One of a Kind is the first extended play by South Korean rapper G-Dragon. It was released digitally on September 15, 2012, and physically on September 18, through YG Entertainment. The EP consists of seven songs all written or co-written, and co-composed by G-Dragon himself.

Upon release, the album was a commercial success in South Korea. It peaked atop the Gaon Albums Chart and on the Billboard World Albums Chart. The EP also entered the Billboard 200 peaking at number 161, making G-Dragon the first Korean soloist with a Korean-language album to enter that chart. As of 2017, the album has sold over 260,000 copies in his native country, making it the highest selling album by a Korean soloist since the release of his debut album Heartbreaker (2009).

==Release and promotion==
"One of a Kind" was released as a promotional single on August 24. "That XX" and "Crayon" were later released as first and second singles off the EP. Originally, the song "Without You" had a featuring first credited as "? from YG New Girl Group", when it was first announced that YG was starting a new girl group. Almost four years after the EP was released, the featuring vocals were revealed to be Rosé from said new girl group, Blackpink.

G-Dragon held a live-stream to countdown to and celebrate the release of the EP through Naver's Line TV, with guests Lydia Paek, Taeyang, producer Choice37, and rapper-producer Tablo of Epik High.

G-Dragon embarked on his first world tour, the One of a Kind World Tour, in support of the EP which marked the first time for a Korean soloist to hold a Japanese dome-arena tour. Many of his YG label-mates made special guest appearances on various stops throughout the tour, including his bandmates Big Bang, as well as 2NE1, Tablo, Lee Hi, and Akdong Musician. The tour began on March 30 and concluded on September 1, 2013, at Olympic Gymnastics Arena in Seoul, South Korea.

==Critical reception==
Allmusic reviewer David Jeffries gave the album 3.5 out of 5 stars, remarking while "few others would have the daring or money for his flashy wardrobe, [G-Dragon] deserves that swagger due to his talent as well". Jeffries complimented the production in the tracks "One of a Kind" and "Crayon", and compared the record to Lady Gaga's music, writing that the rapper took his "'little monster" attitude and did "some envelope pushing" with the EP. Korean online magazine IZM included One of a Kind in their list of best albums of 2012, highlighting the variety of genres heard in the album, which included rock, hip hop and acoustic. IZM complimented G-Dragon's artistic direction and felt that the album brought the "recovery of swag and madness."

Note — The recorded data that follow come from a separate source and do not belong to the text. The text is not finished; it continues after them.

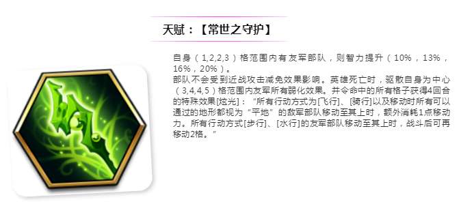 自身(1,2,2,3)格范围内有友军部队,则智力提升(10%,13%,16%,20%)。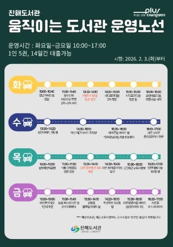 이영화 진해도서관과장은 “움직이는 도서관은 시민의 생활 공간으로 직접 찾아가는 독서 서비스”라며 “이번 노선 확대를 통해 주민들이 일상 속에서 보다 편리하게 책을 이용할 수 있도록 하고, 지역 독서문화 활성화에 기여하겠다”고 전했다.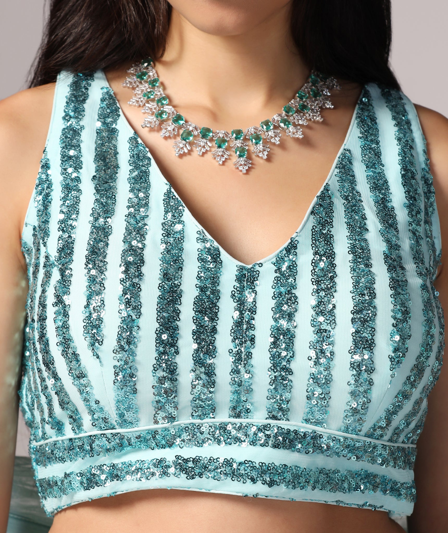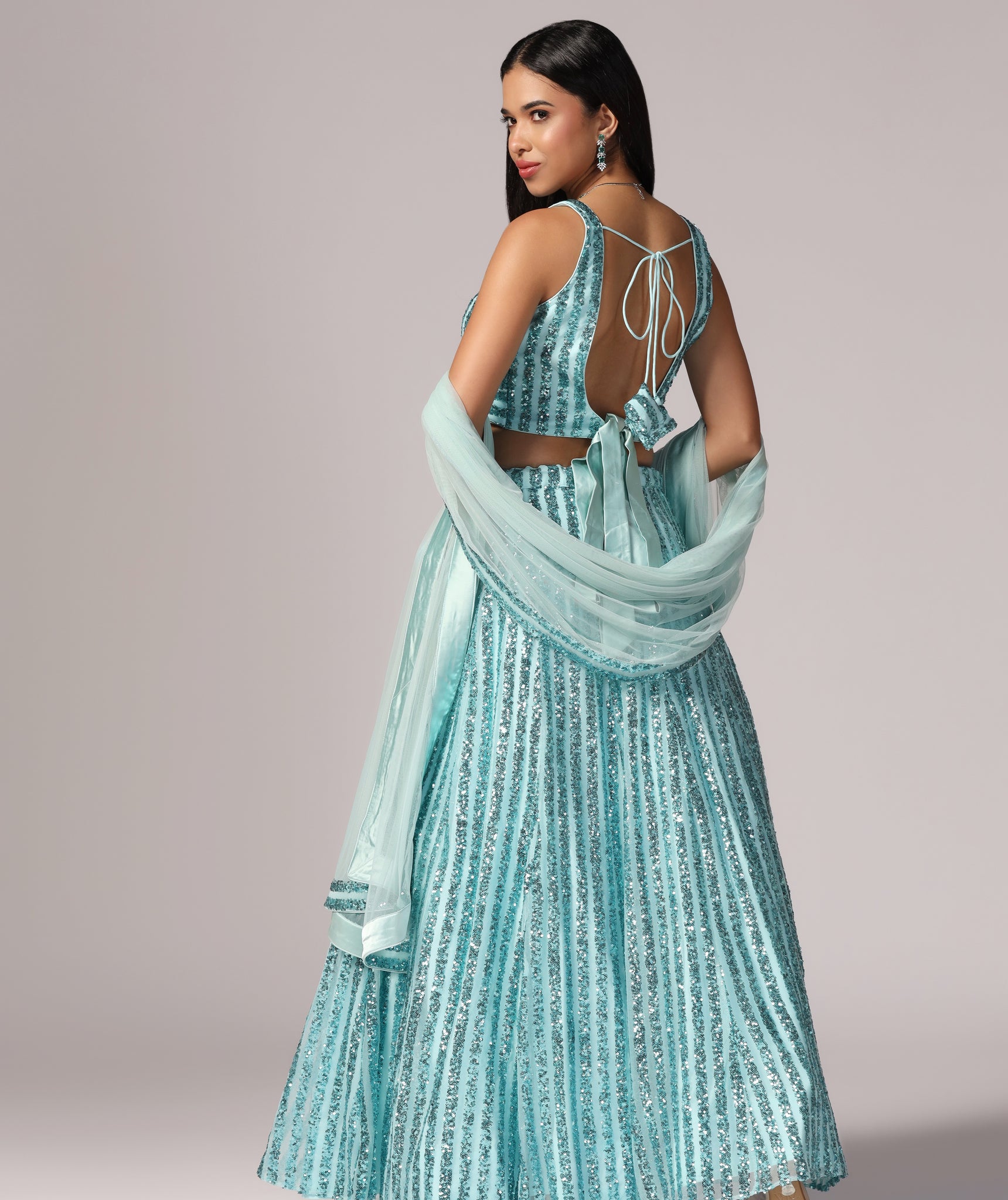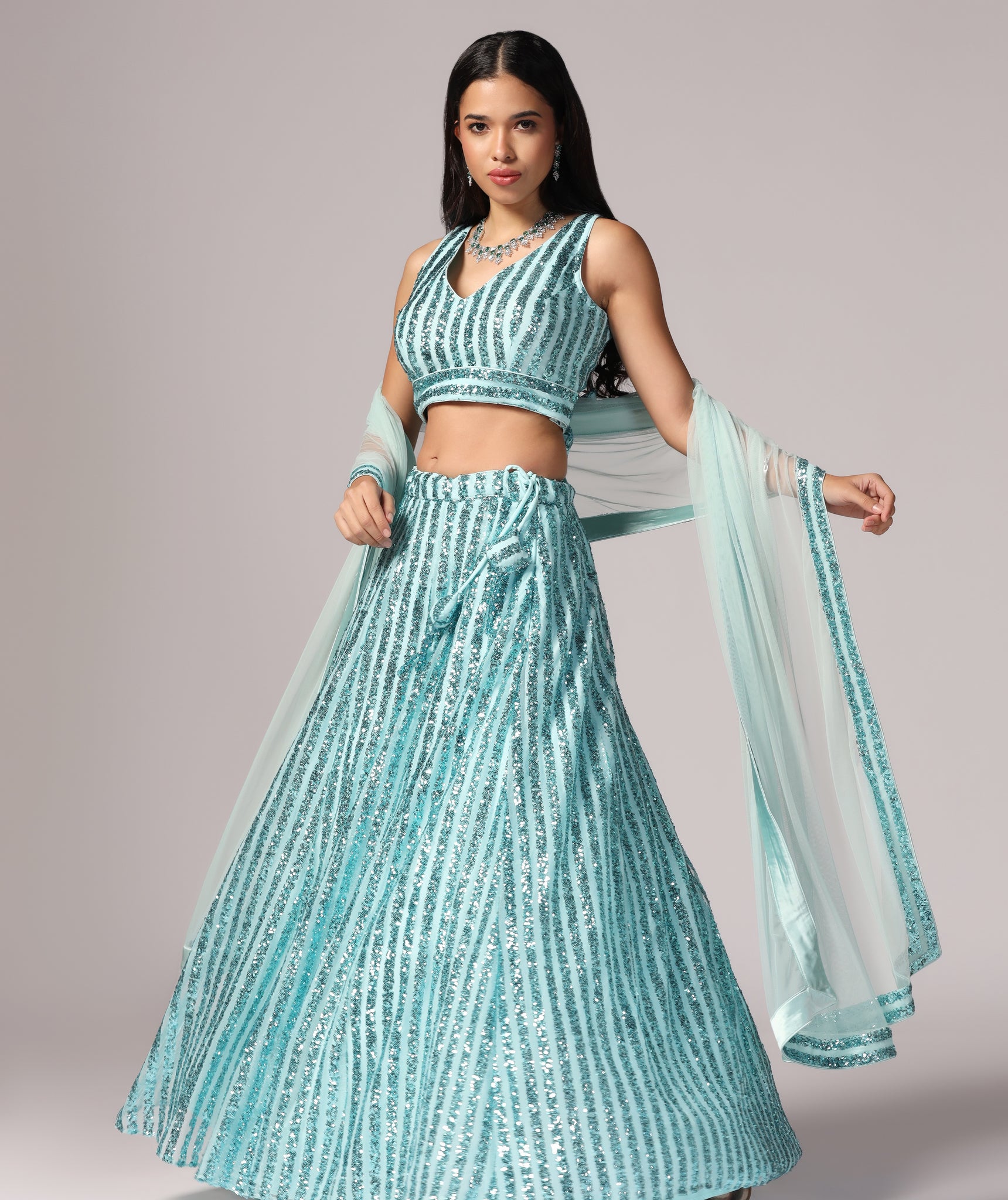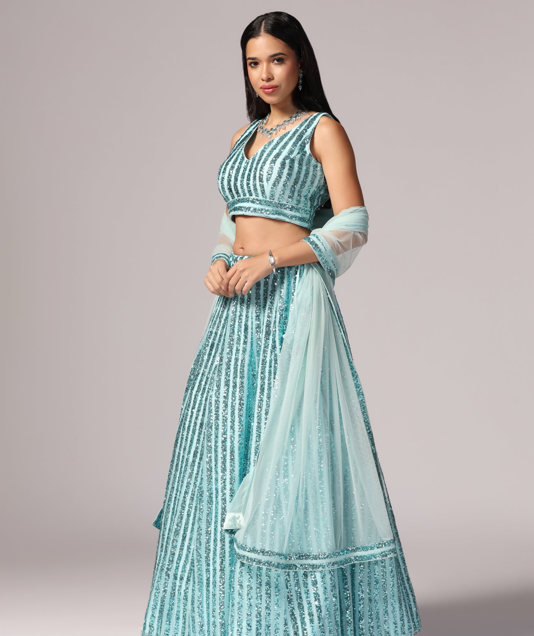 Featuring a lehnga in a gorgeous shade of teal in sequins. It is teamed perfectly with a embroidery V-neck blouse in the same material. A simple yet elegant dupatta completes this whole look.

==Commercial performance==
One of a Kind charted at number one on the Gaon Album Chart and became the best selling album of September, with 171,512 copies sold. By the end of the year the EP had sold 204,326 copies, becoming the fourth best-selling album of 2012. In 2013, the album sold additional 45,332 copies, and was the 43rd best selling album of the year. In Taiwan, the album went platinum with over 10,000 copies sold. In the United States, the album entered the Billboard 200 at number 161, making G-Dragon the fourth Korean artist to enter the chart. One of a Kind also topped the Billboard World Albums chart and peaked at number six on the Heatseekers chart.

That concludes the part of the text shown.